Аркадий Львович изображал гостю танец механической блохи, только в увеличенном виде. Зритель смеялся. Еще Аркадий Львович изображал львенка, потому что так его звали когда-то в школе другие ребята, считалось обидным, впрочем, сам чувствовал, львенок у него выходил слабо, наверное, поэтому, зритель смеяться перестал и стал поглядывать, не видит ли их кто? Аркадий Львович ради правдоподобия взъерошил, как умел, волосы и ходил вокруг стола по песку на четырех мягких, грациозных, пружинящих лапах. Языком танца и пантомимы он жаловался на дразнивших его в школе других ребят и параллельно намекал: во искупление этой детской обиды не мешало бы налить еще. Водка на него пока никак не действовала.

К облегчению вконец замороченного ("а случайно ли ее вымели?") и слегка окосевшего человека, соблазнившегося на свою беду бесплатным угощеньем, во двор зашел еще некто, да к тому же, кажется, знакомый и близился к ним, заинтригованный творившимся вокруг стола представлением.

-- Мелет такую муку - сидящий ввел в курс подходящего, показывая на ползающего на четвереньках - ничего не поймешь, одна высшая математика.

-- Высшая математика - пробормотал себе под нос "львенок", пробирающийся под лавкой - это когда можешь доказать, что у бога именно три лица.

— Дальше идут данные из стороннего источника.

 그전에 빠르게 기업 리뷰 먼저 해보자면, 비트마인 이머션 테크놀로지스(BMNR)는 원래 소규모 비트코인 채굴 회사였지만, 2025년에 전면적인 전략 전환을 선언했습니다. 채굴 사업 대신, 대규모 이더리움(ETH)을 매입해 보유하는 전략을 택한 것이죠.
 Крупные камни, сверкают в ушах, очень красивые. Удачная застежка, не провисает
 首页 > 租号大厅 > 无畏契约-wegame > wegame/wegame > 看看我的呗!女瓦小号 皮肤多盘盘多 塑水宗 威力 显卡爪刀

-- Мы братья с ним - прыская, пояснял прежний гость новому, возвращаясь к уже проверенной идее.

-- Братьев связывает кровь - без интонации сказал новый.

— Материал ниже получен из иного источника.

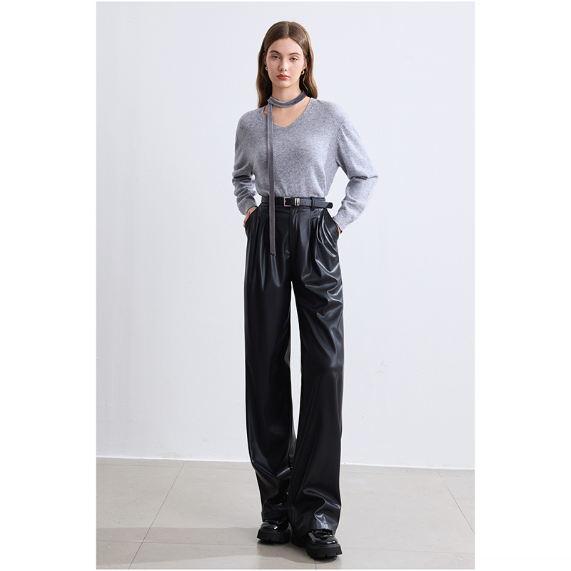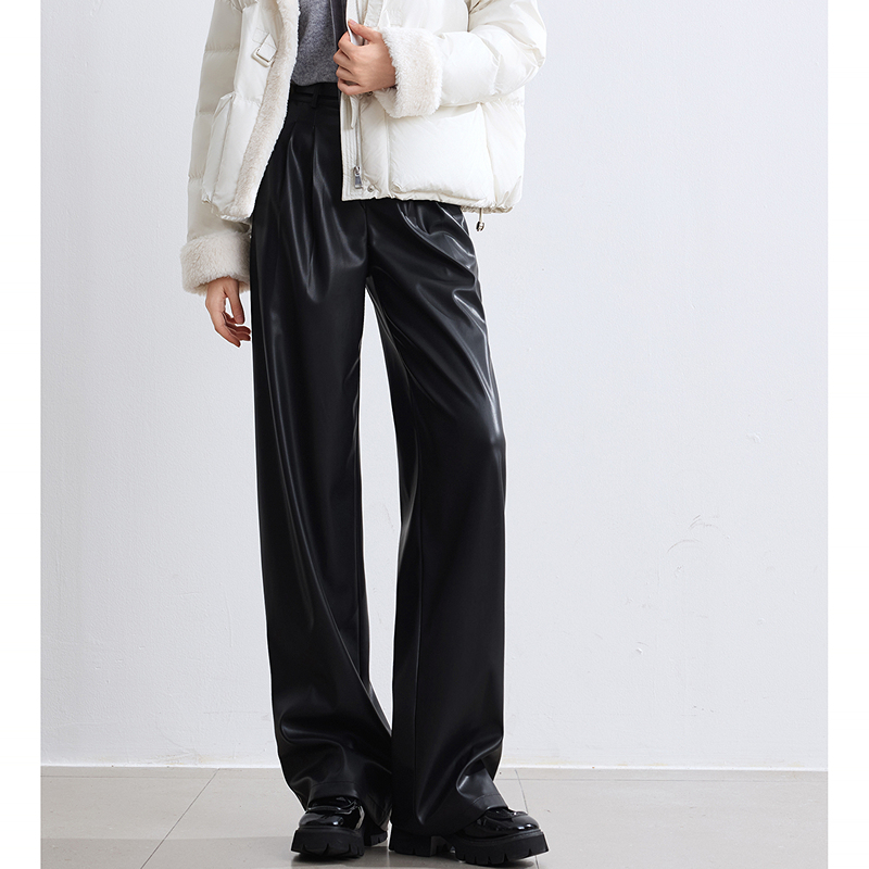 2025年冬季 女直筒裤 新款 简约长裤 betu百图时尚 休闲裤 减龄PU皮裤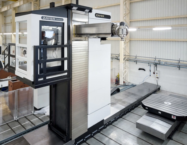 Die ZAYER KAIROS ist ein modular aufgebautes Fahrständer-Bearbeitungszentrum, das durch maximale Flexibilität überzeugt. Ob mit verschiedenen Fräsköpfen, Drehtischen, Plattenfeldern oder Vorsatztischen – die KAIROS passt sich perfekt an Ihre Bearbeitungsaufgaben an.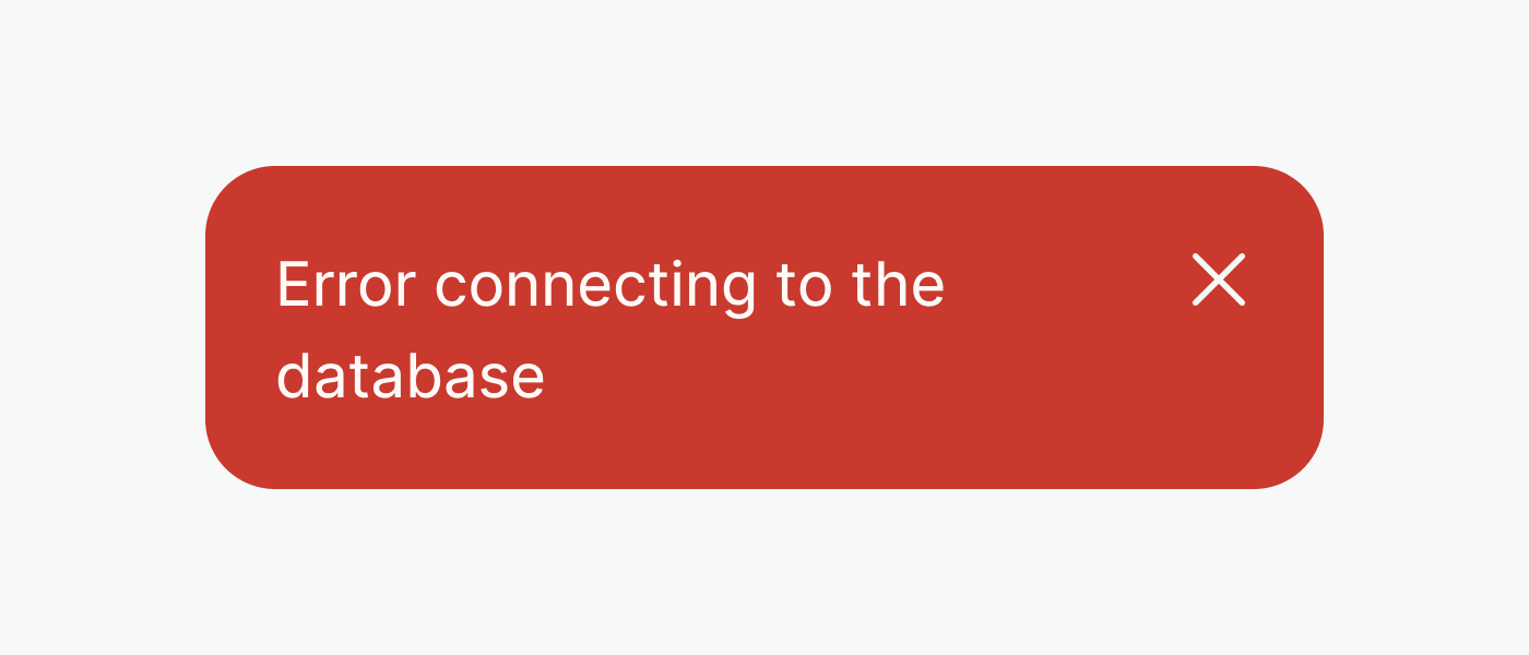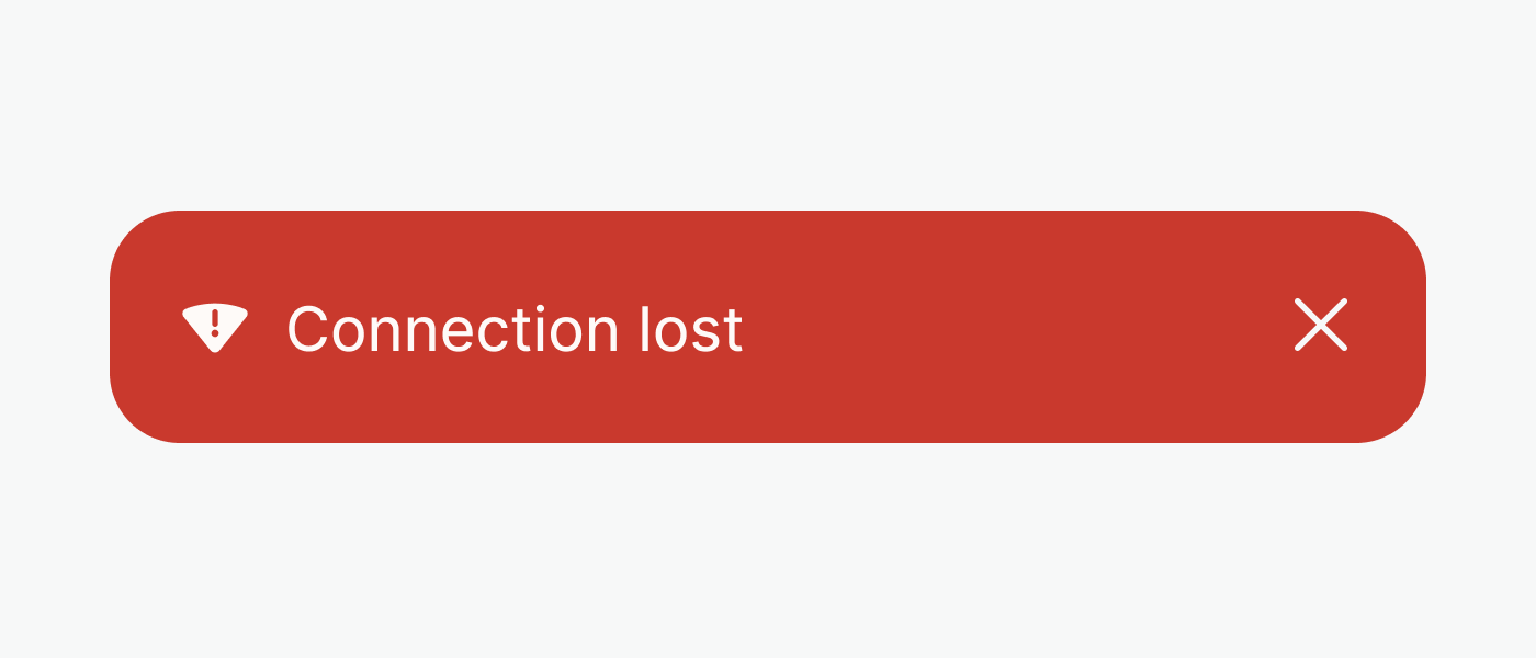 Use the error variant exclusively for systemic errors (for example, no internet connection or error connecting to the database). In other scenarios, the error message needs to go in context, so use patterns embedded in other components.

-- Братья! - обратился к ним переполненный идеями Аркадий Львович из-под стола - давайте откроем свое кафе или бар, такое, где никто не был еще ни разу.

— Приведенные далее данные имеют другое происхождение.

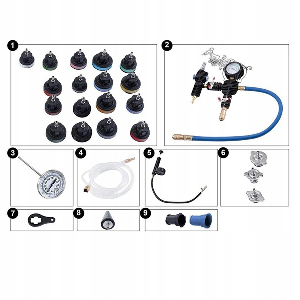 ТЕСТЕР УТЕЧЕК СИСТЕМЫ ОХЛАЖДЕНИЯ ДЛЯ КОНТРОЛЯ СИСТЕМЫ ОХЛАЖДЕНИЯ, УНИВЕРСАЛЬНЫЙ, 28 ШТ.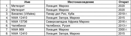 История: В 9:22 сутринта (местно време) на 15 февруари 2013 г. ярко огнено кълбо е видяно над областите Курган, Тюмен, Екатеринбург и Челябинск. Жителите на район Челябинск чуват голяма експлозия. Ударната вълна унищожава прозорците в Челябинск и околните градове. Много хора са ранени от парчетата от стъкло. Множество (хиляди) камъни паднаха като дъжд, които са извадени и събрани от снега от местните хора веднага след експлозията. Общата маса, събрана от местните хора със сигурност е над 500 kg.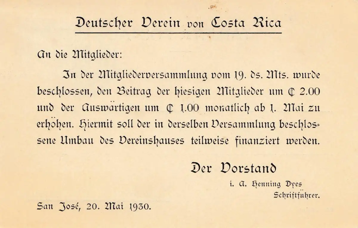 Costa Rica: 1930: post card Deuscher Association San Jose to Turrialba

-- И как назовем? - спросил подошедший после, допивая прямо из горлышка.

-- "Кровь"!

-- Просто кровь?

-- Не "Просто Кровь", а "Кровь".

-- Кровь и все?

-- Не "Кровь и все", а "Кровь" -- отстаивал идею Аркадий Львович.

Но они больше не слушали его. Все было выпито и проглочено.

Со следующей идеей стоял он уже в другом месте и потрясал собственными пальцами перед собственным лицом. "Ебать-колотить - выговаривался, мысленно совершая и первое и второе - "ведь ясно-понятно, физическая красота, скульптурная каноничность, художественная пропорция всякого из нас - он заглядывался на торопящихся мимо людей, отыскивая в них элементы этих внешних достоинств - "зависит, даже прямо определяется старательностью родителей при соитии, послужившем причиной зачатия, искусностью и длиной полового акта. Кого впопыхах заделали, тот так и выглядит, как вон тот, а у кого занимались как следует, того хоть сейчас на подиум или сразу на обложку, без конкурса.

Аркадий Львович стоял на площади у памятника незнакомцу и пробовал увернуться, но идеи падали на него, как бомбы на Белград. Только бомбы летят сверху и снаружи, а идеи - снизу и изнутри.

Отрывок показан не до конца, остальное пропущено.